15. INTELLECTUAL PROPERTY INFRINGEMENT. Seller shall have no obligation or liability to Buyer for any claim of infringement of any patent, copyright, mask work, trademark, or design or for any claim that Seller has misappropriated or unlawfully disclosed or copied or used any data or trade secrets. With regard to Seller's Products furnished to Buyer under this Agreement, Buyer shall indemnify Seller and hold Seller harmless for and Buyer shall be responsible for and pay any and all awards or damages assessed against Seller and any expenses incurred by Seller to defend against any claim arising out of (a) modifications or improper use made by any person or entity other than Seller, (b) conformance by Seller with specifications, designs or instructions provided by Buyer, or (c) the combination or incorporation of any Product, or of the elements of any
Product, with any other circuitry, subassembly, products, equipment or materials not supplied by Seller. THE FOREGOING STATES SELLER'S ENTIRE LIABILITY AND OBLIGATION (EXPRESS, STATUTORY, IMPLIED OR OTHERWISE), AND BUYER'S LIABILITY AND OBLIGATION, WITH RESPECT TO INTELLECTUAL PROPERTY INFRINGEMENT OR CLAIMS THEREFOR RELATING TO THE PRODUCTS.

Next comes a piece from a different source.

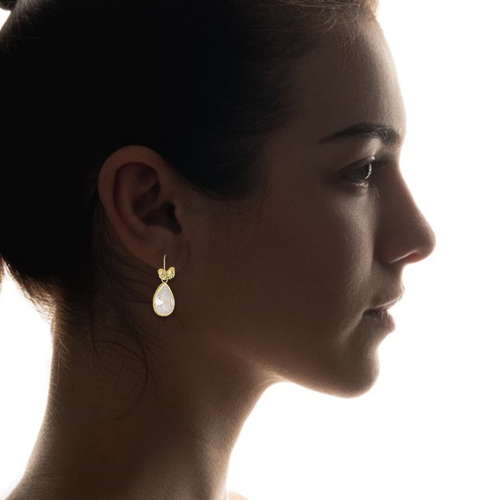 LPEAR017 Arete Arillo Oro Sólido 10K Modelo Moñito Troquelado con Gota de Zirconia Blanca Colgante 2530958523
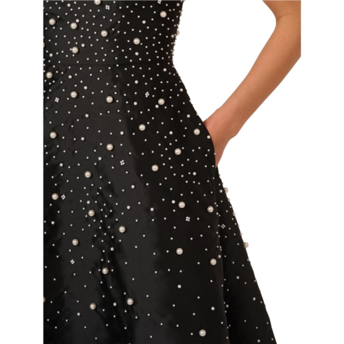 Illuminate the night in the Adrianna Papell Bead Taffeta Midi Dress, where intricate embroidery dances across the fabric like constellations. With a graceful boat neck and a flattering fit-and-flare silhouette, this sleeveless wonder captivates effortlessly. Zippered closure ensures ease, making it a stellar choice for any soiree.

16. ARBITRATION AND LAW. Disputes that arise under this agreement that cannot be settled amicably by the parties will be settled by arbitration in Santa Ana California, United States of America under the prevailing rules of the commercial conciliation and arbitration rules of the American Arbitration Association. Judgment upon the arbitration award or decision may be entered in any court of competent jurisdiction. Arbitration awards and decisions are subject to Article 15, Limitation of Liability.

17. ASSIGNMENT. Buyer may not assign or transfer this agreement in whole or in part without the prior written approval of Seller.

18. UNENFORCEABLE PROVISIONS. If individual provisions of these Terms and Conditions are held by a court of competent jurisdiction to be valid, then such provisions shall be modified to the minimum extent necessary to render them valid, while to the fullest extent possible preserving the business and financial intent and impact of the original provisions, and the remaining provisions shall remain unaffected. Seller's failure to enforce any of the provisions hereof, or to exercise any right provided herein, shall in no way be construed as a waiver of such provision or right, nor in any way affect the validity of these terms and conditions or Seller's right to enforce any part of these terms and conditions at any time.